Required action
Exact copies of the lines below, from the one with "- Potentiodynamic polarization" up to and including the one with "Lot includes a", are what this calls for; leave out pictures.

The records
↓↓↓

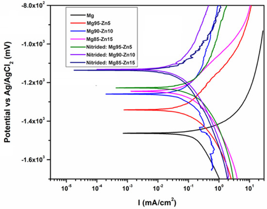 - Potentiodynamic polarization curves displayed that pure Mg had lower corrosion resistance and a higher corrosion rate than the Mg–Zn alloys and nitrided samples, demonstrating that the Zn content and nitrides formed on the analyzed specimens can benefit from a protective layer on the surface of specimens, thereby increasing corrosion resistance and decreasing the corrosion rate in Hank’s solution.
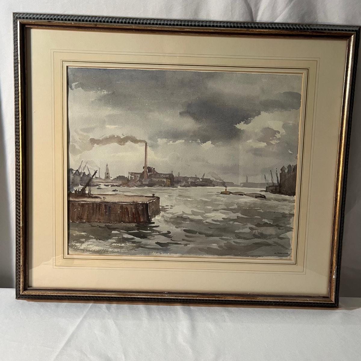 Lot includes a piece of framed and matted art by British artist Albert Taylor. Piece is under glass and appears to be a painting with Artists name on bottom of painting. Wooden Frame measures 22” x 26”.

↑↑↑
↓↓↓

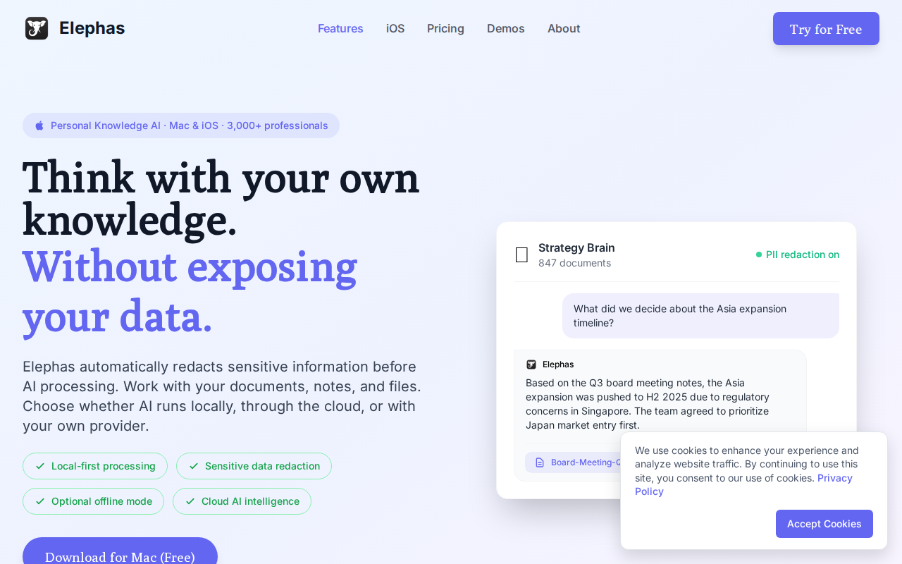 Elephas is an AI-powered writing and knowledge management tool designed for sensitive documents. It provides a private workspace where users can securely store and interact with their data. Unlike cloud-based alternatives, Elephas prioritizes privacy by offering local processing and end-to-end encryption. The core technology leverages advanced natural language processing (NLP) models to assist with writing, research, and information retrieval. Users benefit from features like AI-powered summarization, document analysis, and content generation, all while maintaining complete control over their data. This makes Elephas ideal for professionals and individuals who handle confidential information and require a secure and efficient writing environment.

↑↑↑

Expected answer
 - Potentiodynamic polarization curves displayed that pure Mg had lower corrosion resistance and a higher corrosion rate than the Mg–Zn alloys and nitrided samples, demonstrating that the Zn content and nitrides formed on the analyzed specimens can benefit from a protective layer on the surface of specimens, thereby increasing corrosion resistance and decreasing the corrosion rate in Hank’s solution.
 Lot includes a piece of framed and matted art by British artist Albert Taylor. Piece is under glass and appears to be a painting with Artists name on bottom of painting. Wooden Frame measures 22” x 26”.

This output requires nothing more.